ENRICH(エンリッチ)

The Style Concierge

バランスを意識することの大切さ

エンリッチmental_balance

メンタルトレーナーの高畑好秀氏が、悩めるエンリッチにアドバイスする本コラム。意外な視点からの言葉に、思わずハッとさせられるかもしれません。今回は、「バランス」について考えてみましょう。

バランスを整えると
心身の健康は保たれる

私はこれまで、心身のバランスを整えることが、メンタルを健康に保つ基本だと述べてきました。アスリートは言うまでもなく、心と身体の均衡を崩してしまうと、すぐにパフォーマンスに現れますし、ビジネスでも同じことで、過剰な資本投下といったファイナンスを無視した施策を行ったり、余計な領域にまで手を伸ばしてしまうなど、舵とりに悪影響を及ぼしてしまいます。私は経営者や起業家にスポーツを勧めていますが、それは、普段は頭を使う機会が多い人にとって、適度に身体を動かすことがストレス解消はもちろん、両者を駆使することで、バランスの調整がしやすくなるからです。
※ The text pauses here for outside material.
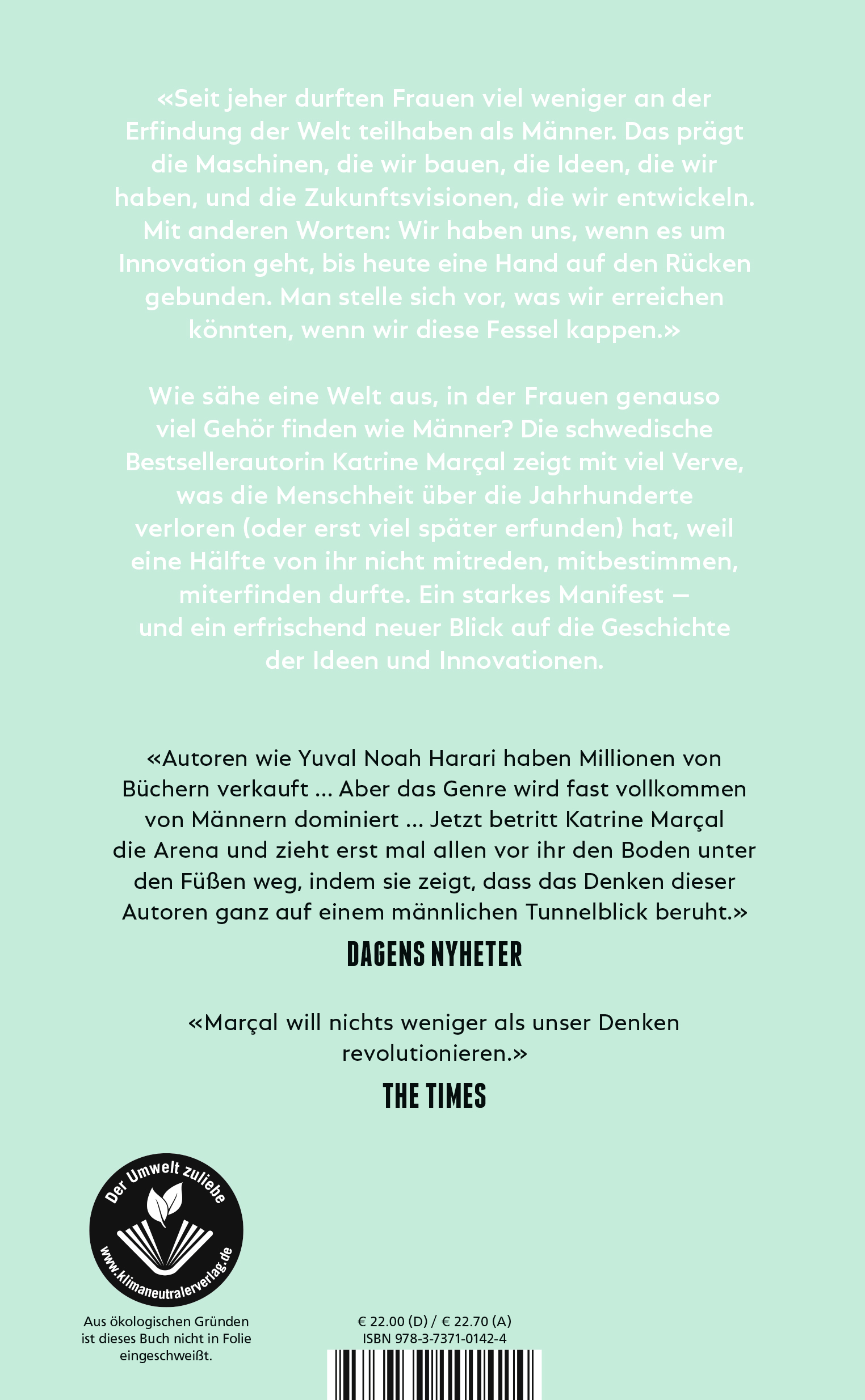 lt;p>Warum kam man erst im späten 20. Jahrhundert auf die Idee, Räder unter Reisekoffer zu montieren - obwohl es das Rad schon seit fünftausend Jahren gibt? Wären wir womöglich nie auf den Mond gelangt ohne das Wissen amerikanischer Näherinnen? Und wie sähe eigentlich eine Welt aus, in der Frauen genauso viel Gehör finden wie Männer? Die schwedische Bestsellerautorin Katrine Marçal zeigt mit viel Verve, was die Menschheit über die Jahrhunderte verloren (oder erst viel später erfunden) hat, weil eine Hälfte von ihr - die Frauen - nicht mitreden, mitbestimmen, miterfinden durfte. Und sie dreht die Perspektive um: Was wäre denn, wenn wir einmal nicht von der frühgeschichtlichen «Bronzezeit» sprächen, sondern von der «Keramikzeit»? Würde sich unsere Sicht auf alles Nachfolgende ändern - und vielleicht auch etwas daran, dass heute nur drei Prozent des globalen Wagniskapitals weiblichen Gründerinnen anvertraut werden? Würden wir am Ende gar Lösungen finden, um der planetaren Zerstörung, die die Menschheit in Gang gesetzt hat, etwas entgegenzusetzen? Viel zu lange haben wir die negativen Folgen der fixen Ideen von Männlichkeit und Weiblichkeit unterschätzt. Ein starkes Manifest - und ein erfrischend neuer Blick auf die Geschichte der Innovationen.

ビジネスエリートのなかには、マラソンやトライアスロンなど、一見するとハードな競技を好む方も少なからずいるようですが、過酷な状況に自身を追い込むことで心身の鍛錬になったり、タフな場面も乗り越えられる体力や精神力を身につけたい、普段は上の立場ですがスポーツは関係なく、普段の立場や年齢、経験の異なる人たちとともに汗水を流すことで自分を客観視できるなど、一人ひとりに、何らかプラスに働くことがあるのだろうと思います。もちろん、ハードなアクティビティにこだわる必要はなく、軽いジョギングでもルーティンにすることで同様の効果は期待できますから、いずれにしても、日常生活で、心も身体も動かす習慣を取り入れることはお勧めです。
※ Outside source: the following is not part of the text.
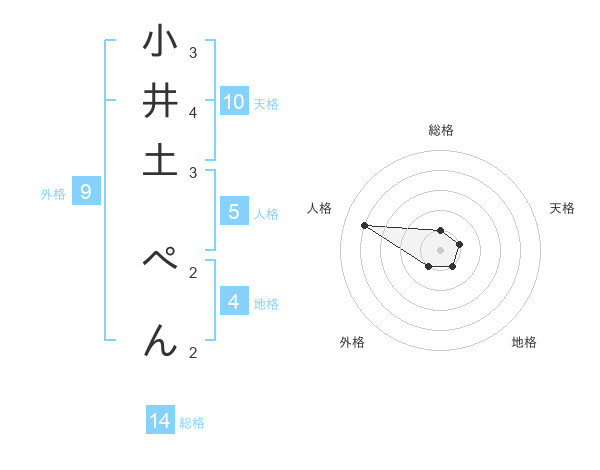 小井土 ぺんさんを姓名の画数から五運を鑑定

そこで大事なのは、「ほどほど」にしておくという、やはりバランスです。例えば、ビジネスで頭ばかり酷使していると疲労がたまり、メンタルに不調をきたします。最近は、ブラック企業という言葉が一般化しましたが、過重労働でうつ病になったり、心が弱るケースは後を絶ちません。なかには、ワーカホリックの方もいるでしょうが、自発的・強制的であれ、ことが過ぎると知らず知らずのうちにメンタルバランスが崩れ、身体の不調にもつながっていきます。
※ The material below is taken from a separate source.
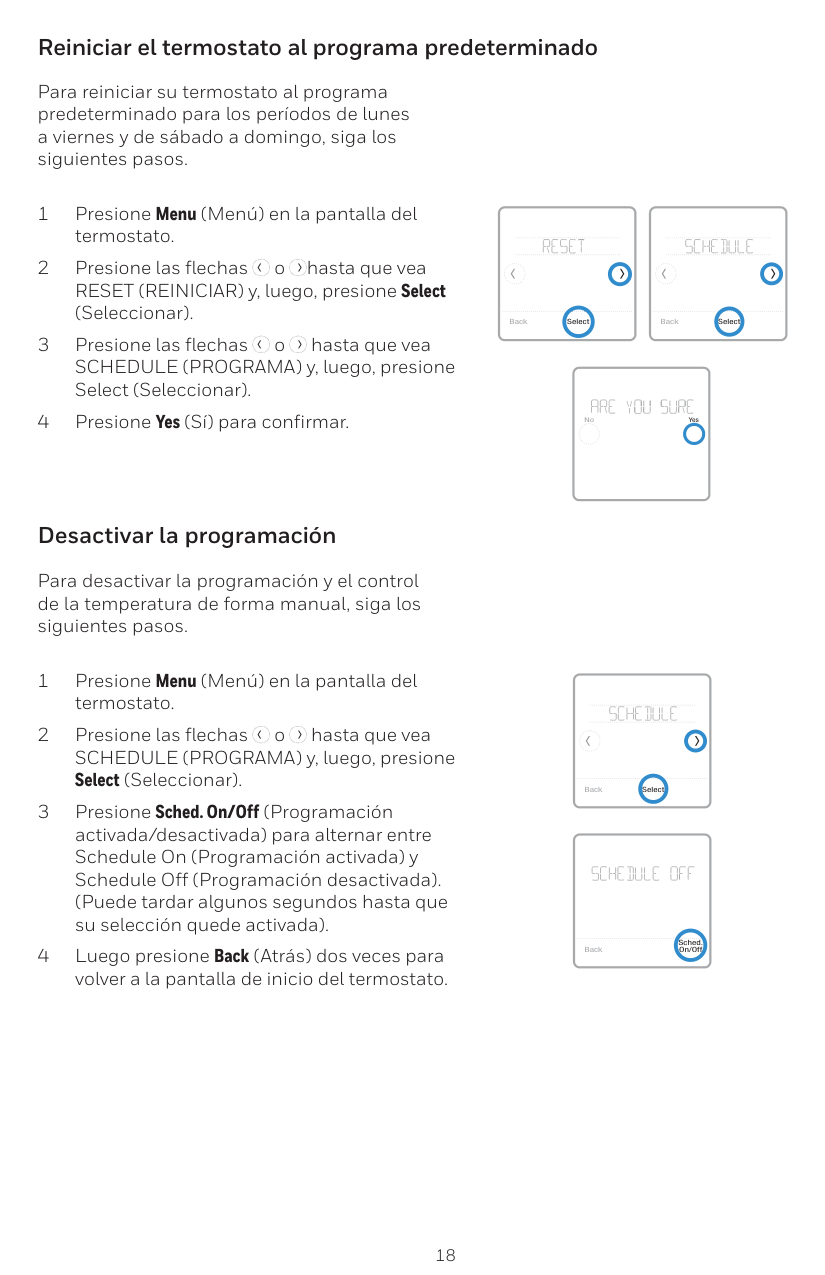 Reiniciar el termostato al programa predeterminado Back Select Back Sched. On/Off Back Select Back Select No Yes Para reiniciar su termostato al programa predeterminado para los períodos de lunes a viernes y de sábado a domingo, siga los siguientes pasos. 1 Presione Menu (Menú) en la pantalla del termostato. 2 Presione las flechas o hasta que vea RESET (REINICIAR) y, luego, presione Select (Seleccionar). 3 Presione las flechas o hasta que vea SCHEDULE (PROGRAMA) y, luego, presione Select (Seleccionar). 4 Presione Yes (Sí) para confirmar. Desactivar la programación Para desactivar la programación y el control de la temperatura de forma manual, siga los siguientes pasos. 1 Presione Menu (Menú) en la pantalla del termostato. 2 Presione las flechas o hasta que vea SCHEDULE (PROGRAMA) y, luego, presione Select (Seleccionar). 3 Presione Sched. On/Off (Programación activada/desactivada) para alternar entre Schedule On (Programación activada) y Schedule Off (Programación desactivada). (Puede tardar algunos segundos hasta que su selección quede activada). 4 Luego presione Back (Atrás) dos veces para volver a la pantalla de inicio del termostato.

これは、スポーツでも変わりません。のめり込み過ぎると身体を壊しますから、その結果、気持が沈んでしまうこともあります。誤解を恐れずに言うと、運動だって過剰にやってしまうと害になるだけ。だからこそ、プロアスリートは日常でもハードすぎるトレーニングを続けることはありませんし、1日のなかで身体を動かす時間、そうではない時間をしっかりと切り分けています。彼らにとっては、休む時もトレーニングの一環だということです。オンとオフシーズンがあるのも、年がら年じゅうだと身体がもたず、それが心身のバランスを崩すことになるとわかっています。

ですから、メンタルとフィジカルにおいては、それぞれを極限まで使い込み過ぎない、さらには、頭と身体の両者を動かすという、二段構えのバランス調整が、心身の健康に役立つということです。